Which of the following is grammatical?

  • He had lollies be they red or blue?
  • He had lollies be them red or blue?

It seems as if it could be them as an object of be.

  • 4
    This seems such an unlikely thing for anyone to say that I don't think any answer given here would mean very much. Nov 6, 2012 at 10:38
  • Thanks. But I'm interested in which is grammatically correct.
    – Free
    Nov 6, 2012 at 10:46
  • This sentence would not be interpreted as a question, but rather a literary statement that approximated "He had all lollies regardless of whether they were red or blue."
    – Kit Z. Fox
    Nov 6, 2012 at 14:37
  • 3
    Do you perhaps mean "He had lollies. Were they red or blue?" (or "He has lollies. Are they red or blue?") Nov 6, 2012 at 17:40
  • 1
    Unfortunately, this has been closed. So I'll have to answer here. "They" is the subject of "be" here, so "He had lollies, be they red or blue" is perfectly grammatical, albeit a rather unusual thing to say. I cannot think of a context in which "He had lollies, be them red or blue" would be grammatical.
    – user16269
    Nov 7, 2012 at 7:50

2 Answers 2


Neither of your two questions makes sense as written, and I do not know what the intent is. For one thing, I don’t understand why they are questions; they do not look like such to me.

For another, the formulaic “be they X or Y ”, using present subjunctive and inversion as it does, is of a somewhat elevated register which may not be appropriate for all circumstances. It has a slightly musty aroma of littérature to it, as of a sweetness possibly gone slightly off. The use of the somewhat colloquial lollies seems to fight against that register. It is an odd mix.

Here are some alternate wording you may wish to consider, depending on your actual intent.
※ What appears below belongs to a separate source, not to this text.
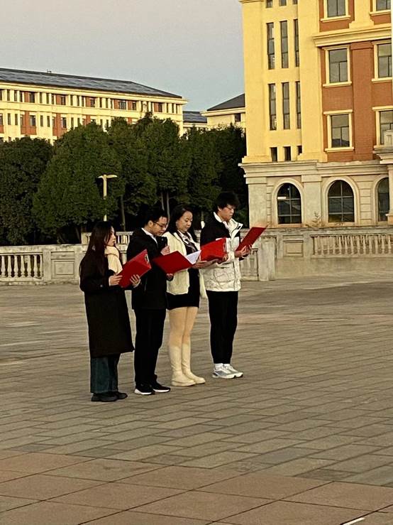 7:40分,2023级四位研究生为大家带来了诗朗诵《青春》。“青春是蓝色的,像深邃的苍穹,像蔚蓝的海洋。深远辽阔,富于幻想;青春是绿色的,像苍翠的山峦,像坦荡的草原。广袤无垠,生机盎然。……青春是一首美丽的诗,是一支动听的歌!而我们也正值青春的年华,朝气蓬勃、意气风发。让我们真诚地把握青春,莫负美好时光,奋力前行,让青春之花绽放四季。”积极进取、奋力拼搏,这是这一代年轻人应有的本色,新时代奋斗的号角吹响了同学们青春的梦想。

  • He had red and blue lollies.
  • He had lollies, both red ones and blue ones.
  • He had lollies that were swirls of red and blue.
  • He had lollies of swirling red and blue.
  • Did he have either red or blue lollies?
  • Did he have any red or blue lollies?
  • Did he have any lollies, either red or blue?
  • Did he have any lollies, whether red or blue?
  • Whether red or blue, he had plenty of lollies.
  • Both red and blue lollies he had laid in store.
  • Whether blue or red or any other flavor, he had lollipops galore.
  • Lollipops of every sort had he aplenty, be they cherry or berry, or orange or lemon, or chocolate or peppermint. Why, even the fabled Everlasting Gobsmacker was available — for weekly rental, that is, albeit at a rate well within reach of a child’s monthly allowance. As so often happens with such treasures, it was the late fees that were the Smackers’ sticking point, for what child born could ever part with one of Mr Wonka’s Everlasting Gobsmackers once it had danced upon his tongue its song of A Thousand Flavours and a Flavour? Not one, I tell you, and so the Candyman’s siren song lured ever and anon a new generation to his musical cart: even the most loving of parents refused to pass their own Smackers on to their children, nor let lapse the lease.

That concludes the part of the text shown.